* _Required action_
Once you find the line below that has "În cartierul Micro", output it and every line after it exactly, stopping after the line that has "Москва. И в", with no pictures.

* _Input material_
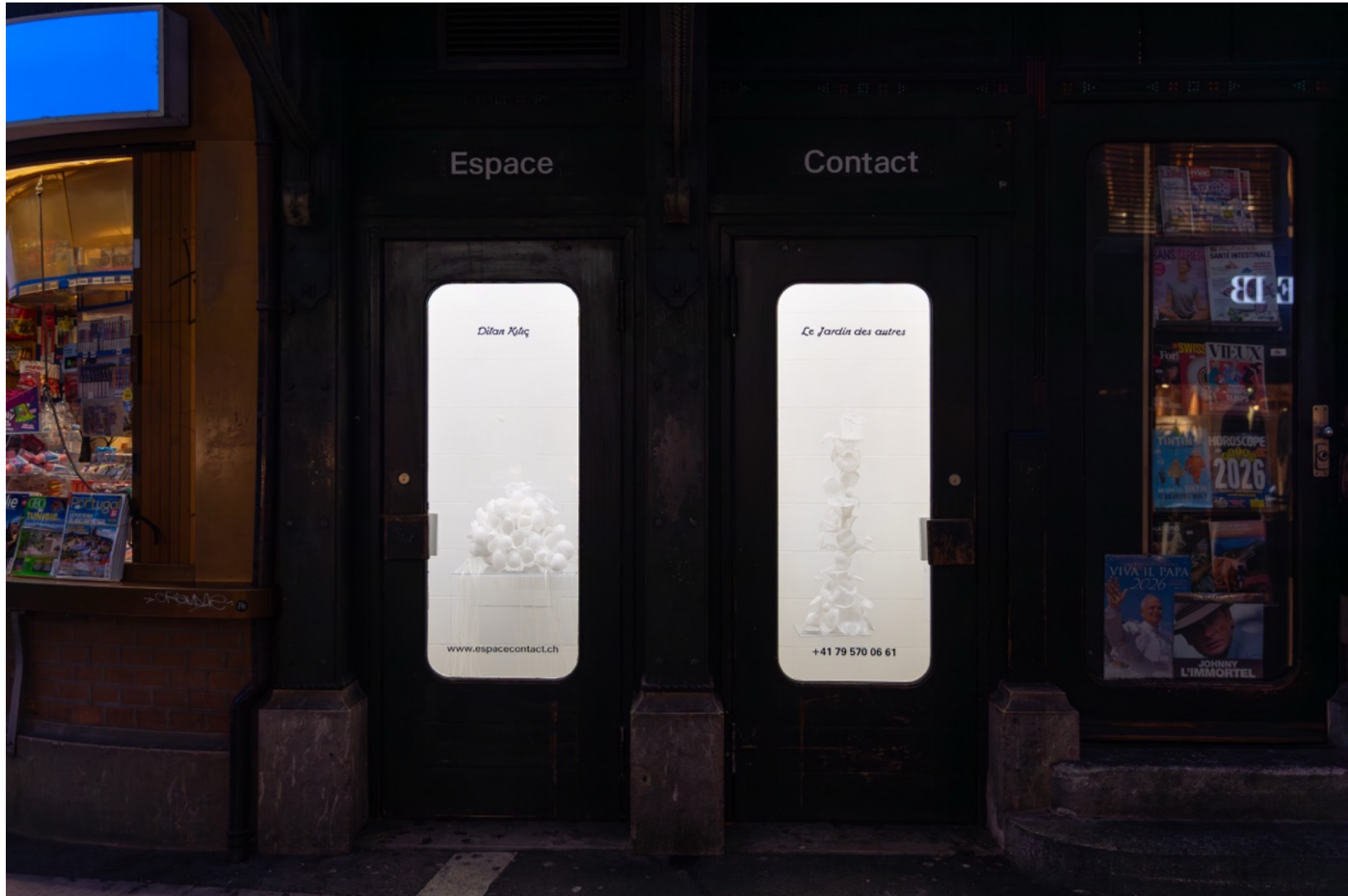
Espace contact, Place Pury, Neuchâtél
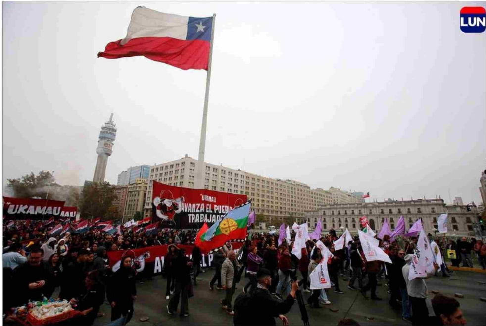
La marcha de la CUT partió a la altura de La Moneda y culminó en Portugal con Alameda.

También a las 10 horas, la Central Clasista de Trabajadoras y Trabajadoras convocó a una marcha que tuvo como punto de inicio la Alameda con calle Brasil y que transitó hacia el
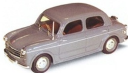
PKC 014 - Fiat 1100/103 Guardia di finanza - 1955
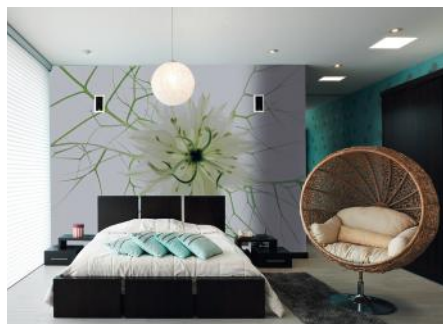
ADMG nigelle blanche 2 ADMG reine marguerite
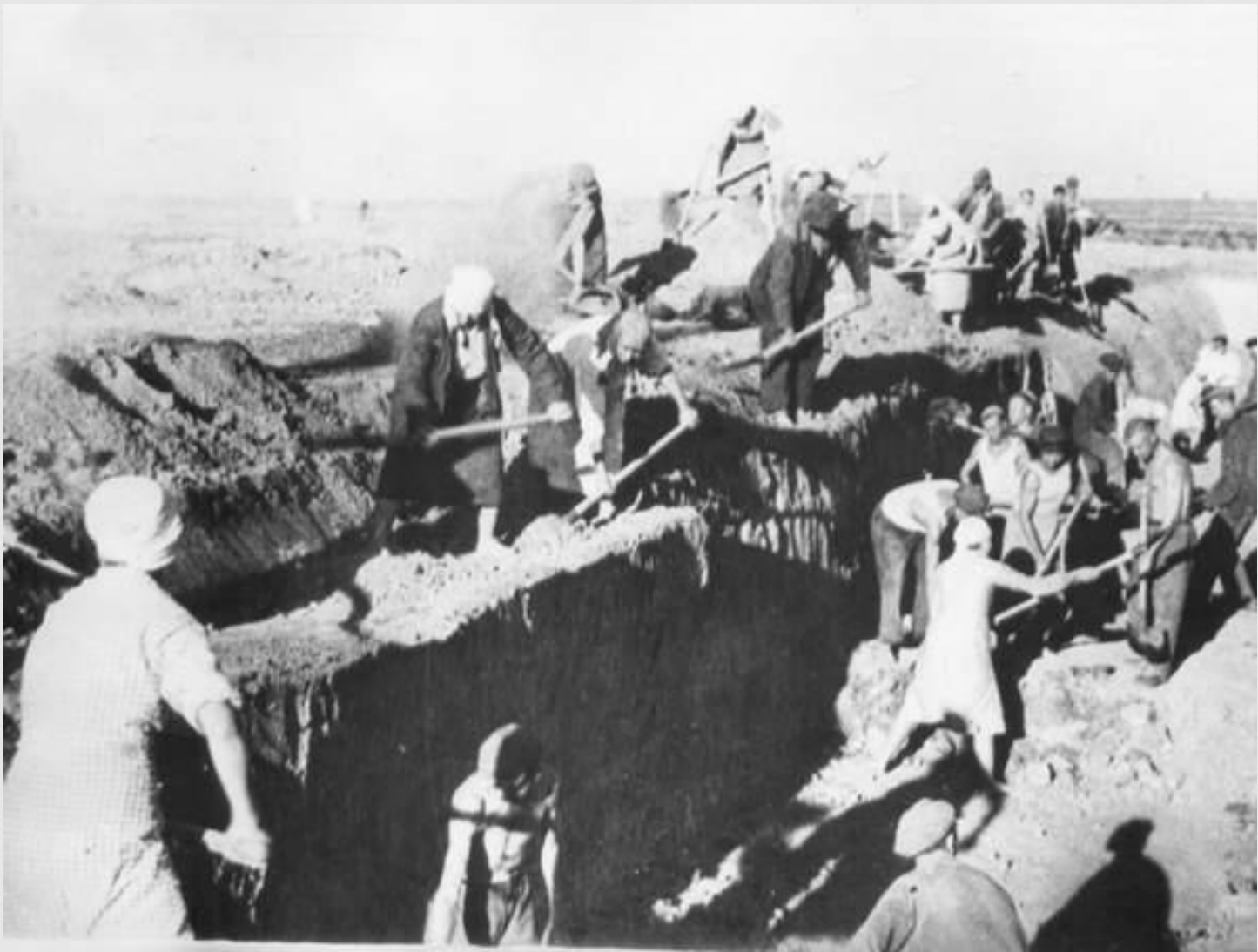
Жители города на строительстве оборонительных сооружений
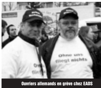
Ouvriers allemands en grève chez EADS

En ce qui concerne les subventions, Airbus reste extrêmement discret. Comme s'il avait quelque chose à cacher. C'est pour-
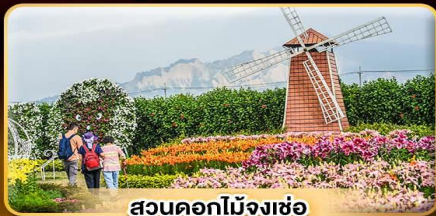
สวนดอกไม้จงเช้อ

เค้าที่ดาวเน้ตีกไทเป 101 แชน้าแร่ส่วนต้อในห้องพัก
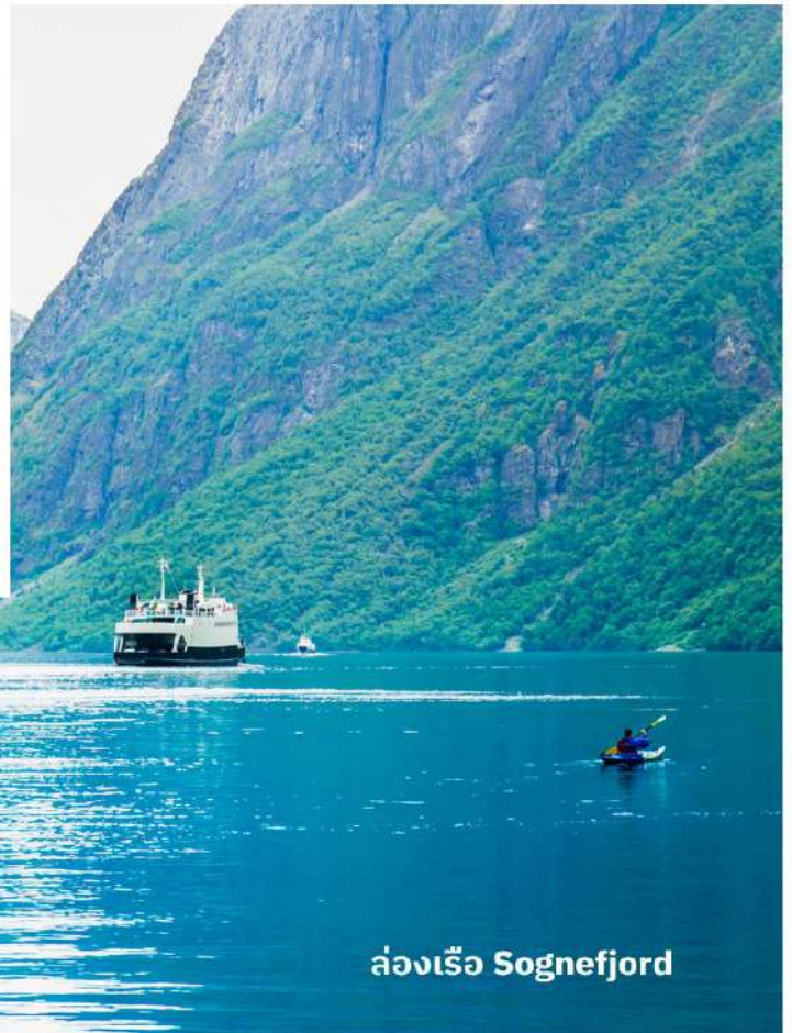
ล่องเรือ Sognefjord
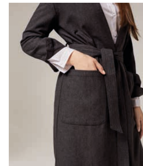
ПАЛЬТО АРТ. 18-011

СОСТАВ: 80% ШЕРСТЬ, 20% ПЭ ЦВЕТ: СЕРЫЙ РАЗМЕРНЫЙ РЯД: M, L, XL, 2XL
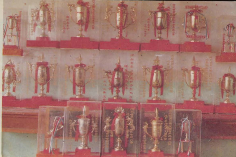
中获得的 部分锦旗 在全国、省比赛
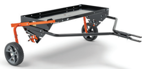
NOSNÝ RÁM PŘÍSLUŠENSTVÍ 586 63 72-01
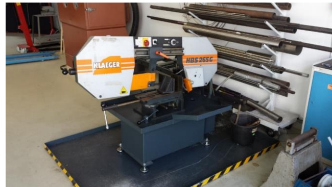
Abb. I: Bandsäge Übersicht
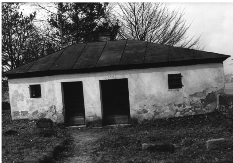
Tahara-Haus des jüdischen Friedhofs Diespeck.

Der jüdische Friedhof liegt östlich des Ortes auf einer Anhöhe unmittelbar an der Kreisstraße nach Dettendorf. Der älteste noch lesbare Grabstein stammt von 1786. Der Friedhof umfasst etwa 2100 qm. Die letzte Beerdigung erfolgte 1938. Das Tahara-Haus mit dem Tahara-Stein ist noch erhalten.
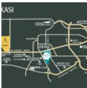
Peta Lokasi Suvarna Sutera

Potensi investasi properti dan pengembangan bisnis yang menjanjikan dimana lokasi ruko Terrace 9 berada di jalan utama Suvarna Sutera dengan 4 jalur mobil. Setiap ruko menghadap ke jalan utama dengan lokasi yang dekat dengan sekolah Santa Alurensia dan Kampus Suvarna Sutera. Belum lagi lokasinya yang dikelilingi oleh 10 cluster perumahan Suvarna Sutera.
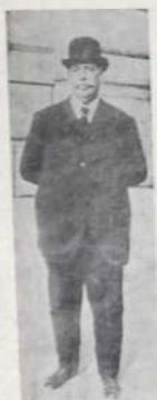
El Sr. José Batlle Ordóñez el día que se casó
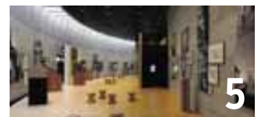
5 Les portes de la bibliothèque personnelle de Friedrich Dürrenmatt s'ouvriront dimanche 15 mai.
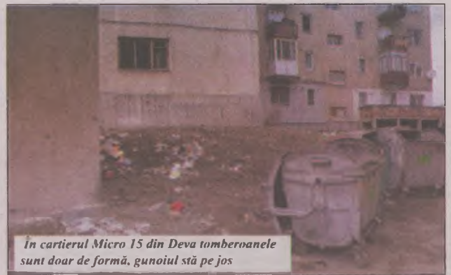
În cartierul Micro 15 din Deva tomberoanele sunt doar de formă, gunoiul stă pe jos
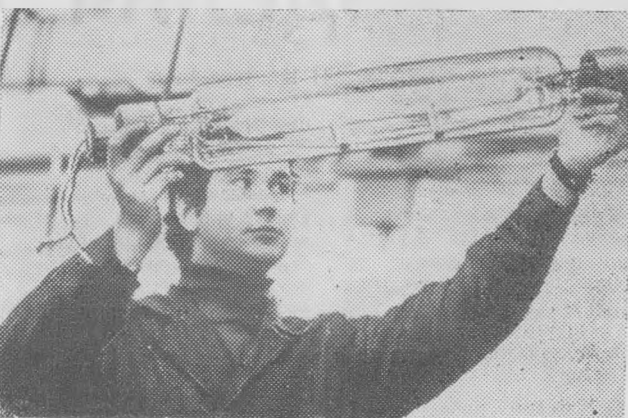
Москва. И в условиях покусственного солнца — трехфазных металлогалогенных ламп, световой спектр кото-

рых близок солнечному. Одной лампы мощностью в шесть тысяч ватт достаточно для освещения 40-60 квадратных метров теплицы. Урожайность растений повышается в 2-3 раза, а расход электроэнергии, по сравнению с широко применяемыми для этих целей другими лампами, сокращается в 3-5 раз.
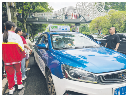
▲6月7日,准备乘坐“爱心送考”出租车的学生和家。
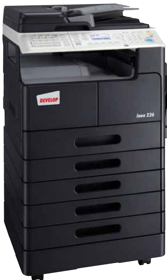
ineo 226 com alimentador de documentos duplex (DF-625) , funcionalidade fax, unidade duplex (AD-509), cassetes de papel adicionais (PF-507) e mesa (DK-708)

Os utilizadores são muitas vezes sobrecarregados ao utilizar os equipamentos multifuncionais modernos. Aqui, também, a ineo 226 é uma exceção agradável porque foi especialmente concebido para facilidade de operação. Um painel simples de usar guia os utilizadores por todas as funções do sistema para que possam ver num ápice que precisam de fazer.
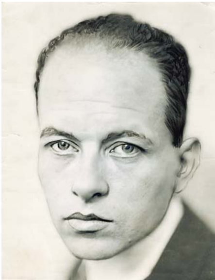
Pierre Drieu La Rochelle

Gleich zu Beginn geht er auf Distanz zum „vulgären Antisemitismus“, dem zufolge die gesamte westliche Kultur seit 1918 degeneriert, zersetzt, „verjudet“ sei. Vielmehr hätten sich die Juden gern selbst zu Anführern künstlerischer Tendenzen stilisiert. Doch die ästhetischen Entwicklungen verliefen in viel längeren historischen Bögen. Das beweise etwa der psychologische Roman seit Stendhal mit seiner Vitalität: Um die Exploration des Inneren der Figuren gehe es auch Gide,
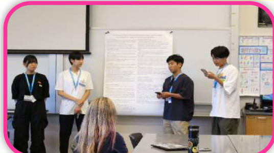
川口市立高等学校 プナハウススクール(ハワイ)における科学プレゼンテーション
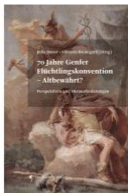
70 Jahre Genfer Flüchtlingskonvention - Altbewährt? Ladenpreis: 65,00EUR
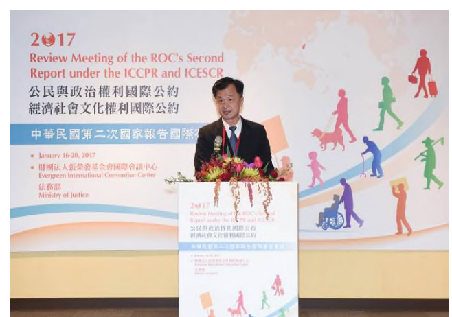
圖：左為 106 年 1 月 16 日陳前副總統建仁於兩公約第二次國家報告國際審查會議開幕式致詞 右為 106 年 1 月 16 日法務部邱前部長太三於兩公約第二次國家報告國際審查會議開幕式致詞
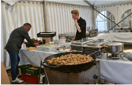
Zum Foto: Das Catering-Team vom Partyservice Schumacher hatte alle Hände voll zu tun.
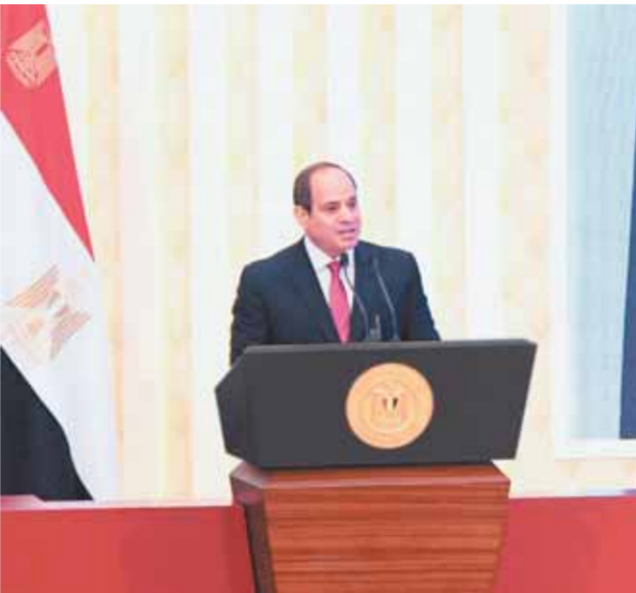
«السيسى» خلال الاحتفال بعيد القضاء
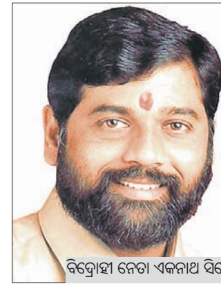
ବିଦ୍ରୋହୀ ନେତା ଏକନାଥ ସିଂହେ
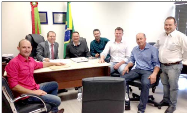
Prefeito, vice e vereadores eleitos levaram as reivindicações do município
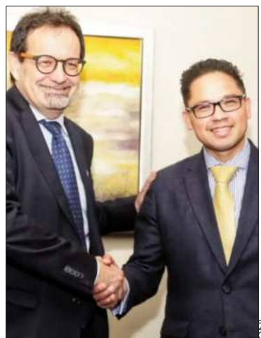
Encuentro entre la CNI y la UE.

Bolivia tiene importantes oportunidades de inversión en varios rubros

* _The completed task_
În cartierul Micro 15 din Deva tomberoanele sunt doar de formă, gunoiul stă pe jos
Москва. И в условиях покусственного солнца — трехфазных металлогалогенных ламп, световой спектр кото-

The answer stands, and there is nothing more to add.